HIGH 7.5

CVE-2026-44422: FreeRDP RDPEAR Double-Free Vulnerability (HIGH Severity)

FreeRDP, a widely-used open-source Remote Desktop Protocol client, contains a memory corruption vulnerability in its authentication-redirection subsystem. A malicious RDP server can craft specially-formed authentication data that causes the FreeRDP client to allocate a single heap object but then attempt to free it twice—or use it after the first deallocation. This occurs because the parser doesn't properly track which heap objects correspond to which data structures when the same object reference is reused. The result is a crash or potential code execution on the client machine.

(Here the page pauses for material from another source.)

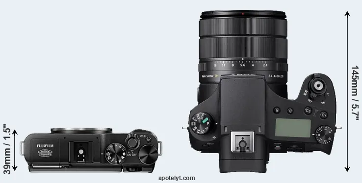 The physical size and weight of the Fujifilm X-A1 and the Sony RX10 IV are illustrated in the side-by-side display below. The two cameras are presented according to their relative size. Three consecutive views from the front, the top, and the rear side are shown. All size dimensions are rounded to the nearest millimeter.
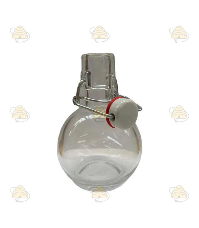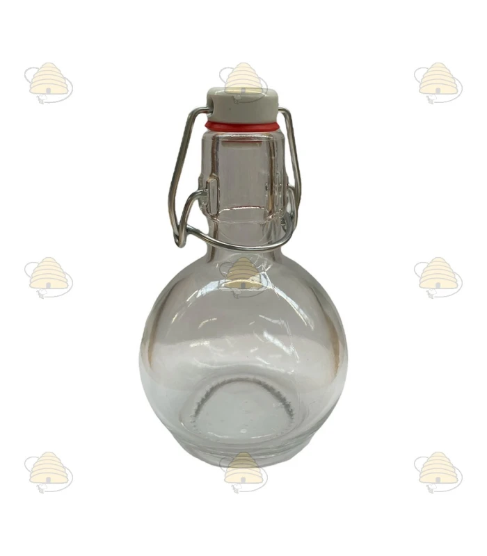 Glass swing-top bottle in a spherical shape (24 pieces) for storing mead, vinegar, or oil. Each bottle has a capacity of 200 ml.

The vulnerability requires user interaction (connecting to a malicious server) but affects all FreeRDP versions before 3.26.0.

Source data · NVD / CISA · public domain

CVSS
3.1 · 7.5 HIGH · CVSS:3.1/AV:N/AC:H/PR:N/UI:R/S:U/C:H/I:H/A:H
Weaknesses (CWE)
CWE-415, CWE-416, CWE-825
Affected products
1 configuration(s)
Published / Modified
2026-05-29 / 2026-06-30

NVD description (verbatim)

FreeRDP is a free implementation of the Remote Desktop Protocol. Prior to 3.26.0, FreeRDP's RDPEAR NDR parser accepts one non-null NDR pointer ref-id for multiple logical pointer fields without tracking the pointed object's expected NDR type or ownership. When the same ref-id is reused across two pointer fields, the parser assigns the same heap object to both output fields. The generic destructor later walks each field independently and destroys/frees both pointers. This causes a malicious-server-triggerable heap use-after-free / double-free in the FreeRDP client's RDPEAR authentication-redirection path. This vulnerability is fixed in 3.26.0.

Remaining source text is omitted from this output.